**Data for processing**
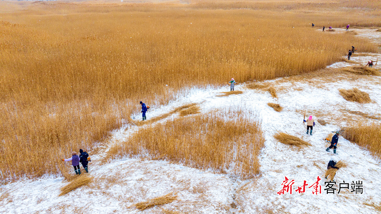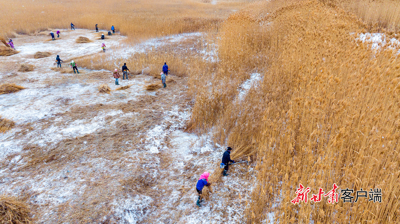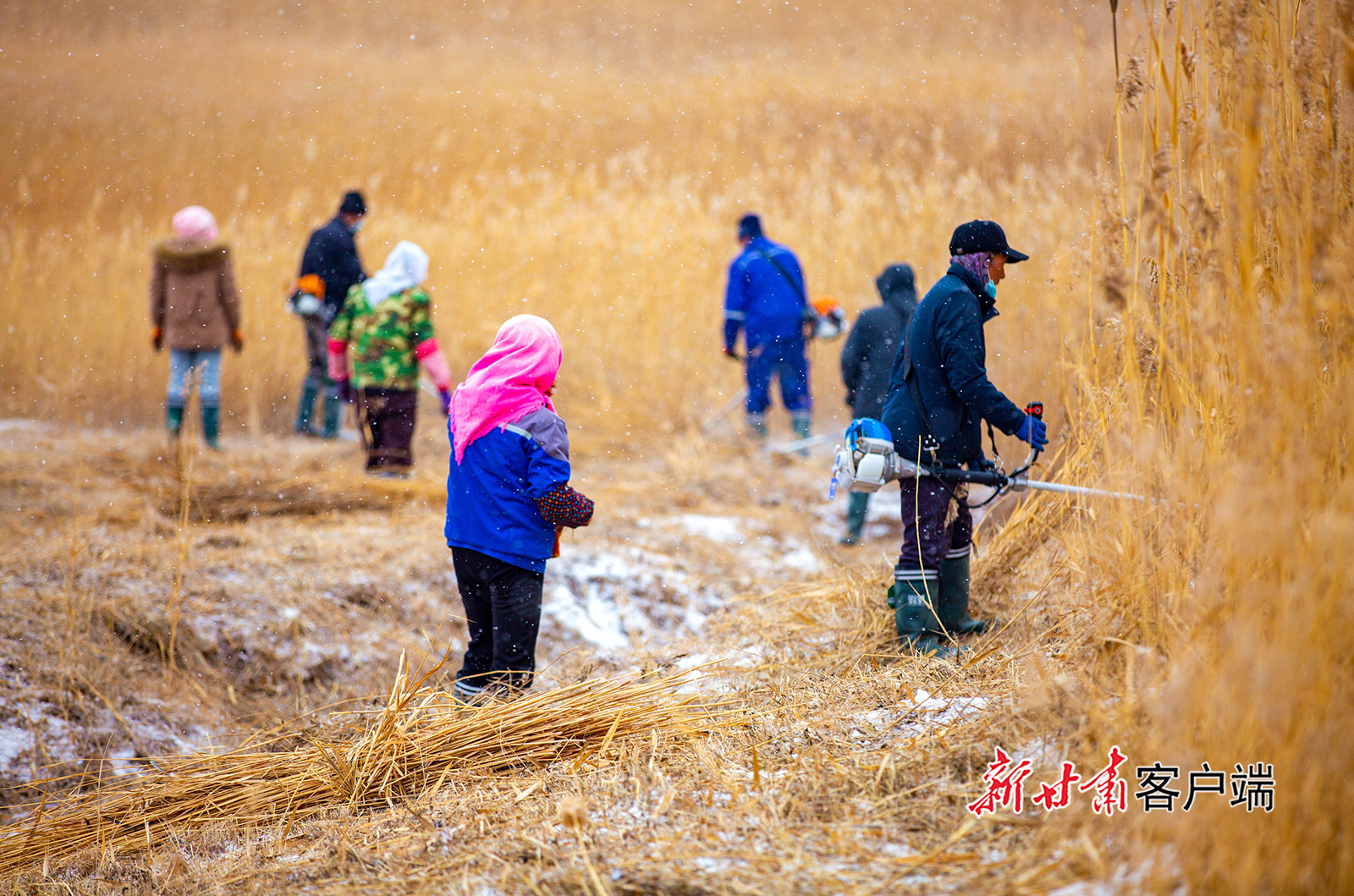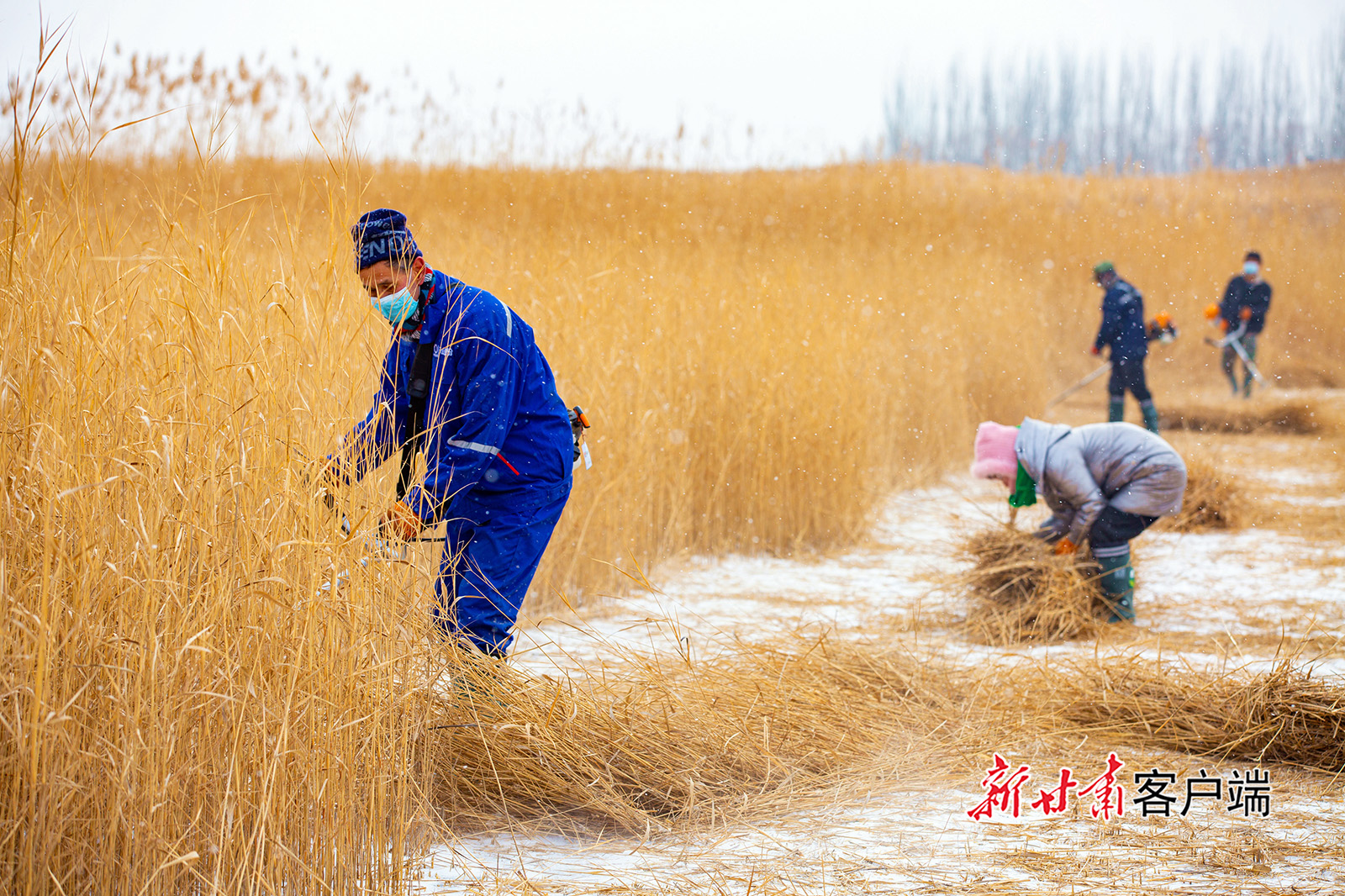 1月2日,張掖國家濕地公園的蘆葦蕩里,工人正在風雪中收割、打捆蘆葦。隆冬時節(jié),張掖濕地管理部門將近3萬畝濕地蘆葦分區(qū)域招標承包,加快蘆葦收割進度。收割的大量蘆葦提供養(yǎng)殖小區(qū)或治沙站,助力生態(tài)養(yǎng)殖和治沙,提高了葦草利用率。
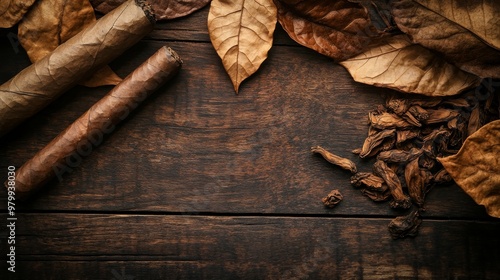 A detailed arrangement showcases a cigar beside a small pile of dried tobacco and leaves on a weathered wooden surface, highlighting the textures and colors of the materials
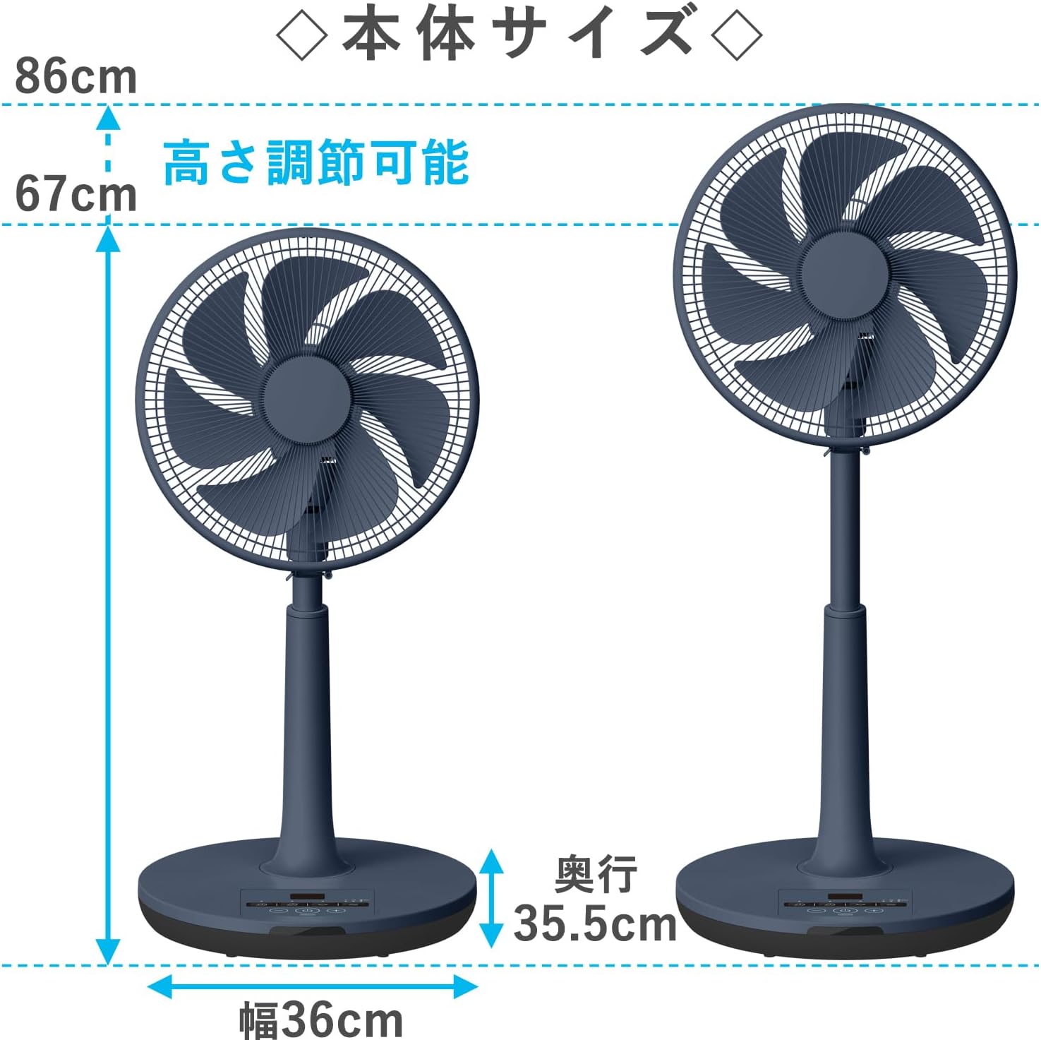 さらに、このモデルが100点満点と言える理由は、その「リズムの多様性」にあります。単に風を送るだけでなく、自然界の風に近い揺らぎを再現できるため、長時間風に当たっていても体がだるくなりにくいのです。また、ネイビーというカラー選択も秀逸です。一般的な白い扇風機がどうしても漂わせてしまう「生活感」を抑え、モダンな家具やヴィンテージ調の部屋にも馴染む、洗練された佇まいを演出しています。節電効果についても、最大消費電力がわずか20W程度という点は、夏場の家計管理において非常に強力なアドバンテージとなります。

--

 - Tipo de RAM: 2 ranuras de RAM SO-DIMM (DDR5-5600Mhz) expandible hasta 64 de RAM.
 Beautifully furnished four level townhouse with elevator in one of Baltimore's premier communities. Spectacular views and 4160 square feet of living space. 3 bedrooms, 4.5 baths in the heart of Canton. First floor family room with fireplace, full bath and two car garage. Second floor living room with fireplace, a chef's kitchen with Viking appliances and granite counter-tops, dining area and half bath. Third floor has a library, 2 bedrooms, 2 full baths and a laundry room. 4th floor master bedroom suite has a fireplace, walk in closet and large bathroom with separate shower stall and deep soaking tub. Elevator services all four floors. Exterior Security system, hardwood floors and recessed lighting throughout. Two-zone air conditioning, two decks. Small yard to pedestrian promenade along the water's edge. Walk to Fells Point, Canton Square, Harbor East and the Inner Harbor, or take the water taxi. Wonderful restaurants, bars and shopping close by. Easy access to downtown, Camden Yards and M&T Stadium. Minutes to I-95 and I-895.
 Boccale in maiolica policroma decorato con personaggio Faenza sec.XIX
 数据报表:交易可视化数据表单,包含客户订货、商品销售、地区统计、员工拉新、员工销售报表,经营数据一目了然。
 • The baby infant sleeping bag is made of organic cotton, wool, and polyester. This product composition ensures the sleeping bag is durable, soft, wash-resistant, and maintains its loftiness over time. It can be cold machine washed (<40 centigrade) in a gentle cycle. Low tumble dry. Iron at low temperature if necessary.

==

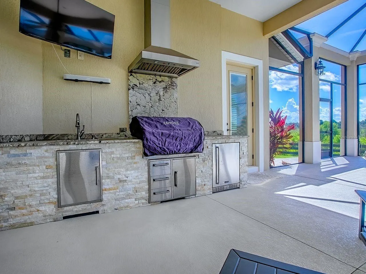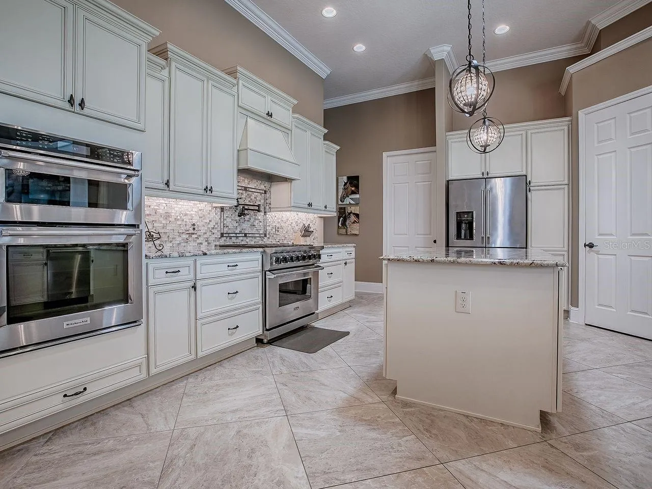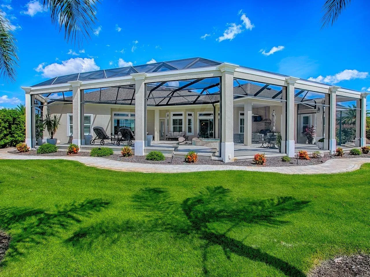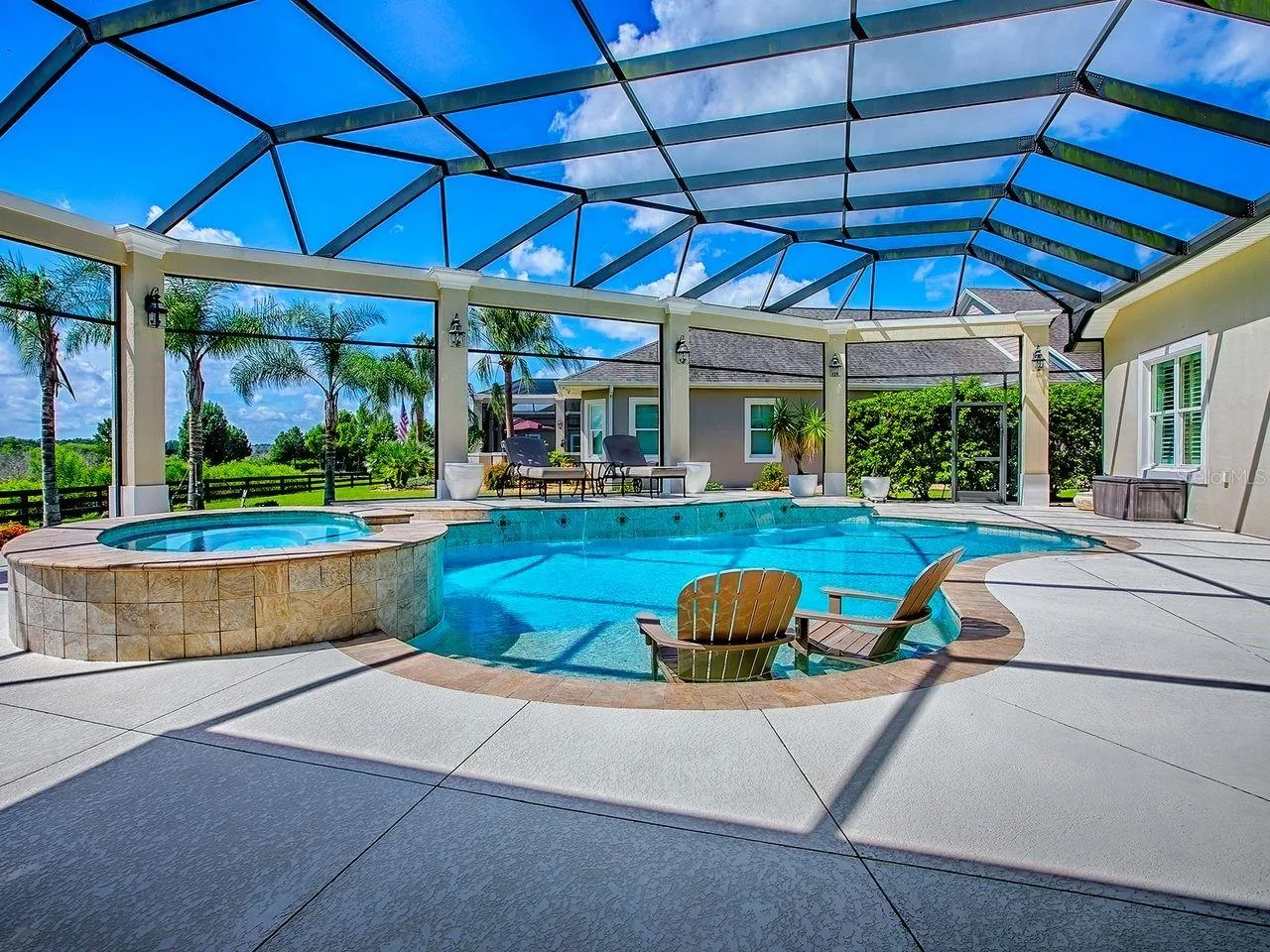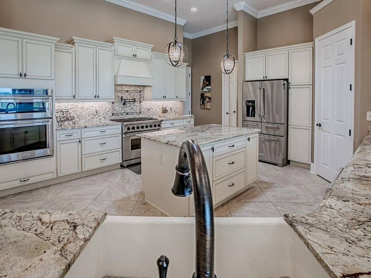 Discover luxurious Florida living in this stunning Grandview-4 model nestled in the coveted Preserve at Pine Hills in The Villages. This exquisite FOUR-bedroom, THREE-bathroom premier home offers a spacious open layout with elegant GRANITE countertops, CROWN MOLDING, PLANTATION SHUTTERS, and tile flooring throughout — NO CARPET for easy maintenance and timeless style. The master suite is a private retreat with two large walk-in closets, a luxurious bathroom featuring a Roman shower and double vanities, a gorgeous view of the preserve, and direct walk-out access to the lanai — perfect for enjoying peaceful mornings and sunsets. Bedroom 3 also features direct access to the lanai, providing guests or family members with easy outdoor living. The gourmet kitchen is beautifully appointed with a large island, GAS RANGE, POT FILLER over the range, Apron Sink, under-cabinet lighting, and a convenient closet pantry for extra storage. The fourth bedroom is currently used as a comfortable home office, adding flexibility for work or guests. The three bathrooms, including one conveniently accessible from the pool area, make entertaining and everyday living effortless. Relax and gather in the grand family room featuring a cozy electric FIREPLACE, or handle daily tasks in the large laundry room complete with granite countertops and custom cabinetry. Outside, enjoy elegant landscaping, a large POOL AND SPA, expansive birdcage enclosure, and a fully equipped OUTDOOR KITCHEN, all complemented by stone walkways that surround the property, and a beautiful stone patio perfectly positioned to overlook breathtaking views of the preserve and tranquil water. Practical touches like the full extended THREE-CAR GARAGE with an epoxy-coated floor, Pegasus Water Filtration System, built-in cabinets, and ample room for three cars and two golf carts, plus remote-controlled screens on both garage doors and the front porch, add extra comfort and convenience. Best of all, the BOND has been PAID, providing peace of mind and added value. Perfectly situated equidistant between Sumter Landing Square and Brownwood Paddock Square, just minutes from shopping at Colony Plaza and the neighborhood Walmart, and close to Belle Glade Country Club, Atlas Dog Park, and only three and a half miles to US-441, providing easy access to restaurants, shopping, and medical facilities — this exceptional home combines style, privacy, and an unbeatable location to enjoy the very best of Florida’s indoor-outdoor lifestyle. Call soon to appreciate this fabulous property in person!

**What you need to do**
Return the material from the line containing "1月2日,張掖國家濕地公園的" through the line containing "さらに、このモデルが100点", exactly and in full, but without its pictures.

**Exercise result**
 1月2日,張掖國家濕地公園的蘆葦蕩里,工人正在風雪中收割、打捆蘆葦。隆冬時節(jié),張掖濕地管理部門將近3萬畝濕地蘆葦分區(qū)域招標承包,加快蘆葦收割進度。收割的大量蘆葦提供養(yǎng)殖小區(qū)或治沙站,助力生態(tài)養(yǎng)殖和治沙,提高了葦草利用率。
 A detailed arrangement showcases a cigar beside a small pile of dried tobacco and leaves on a weathered wooden surface, highlighting the textures and colors of the materials
 さらに、このモデルが100点満点と言える理由は、その「リズムの多様性」にあります。単に風を送るだけでなく、自然界の風に近い揺らぎを再現できるため、長時間風に当たっていても体がだるくなりにくいのです。また、ネイビーというカラー選択も秀逸です。一般的な白い扇風機がどうしても漂わせてしまう「生活感」を抑え、モダンな家具やヴィンテージ調の部屋にも馴染む、洗練された佇まいを演出しています。節電効果についても、最大消費電力がわずか20W程度という点は、夏場の家計管理において非常に強力なアドバンテージとなります。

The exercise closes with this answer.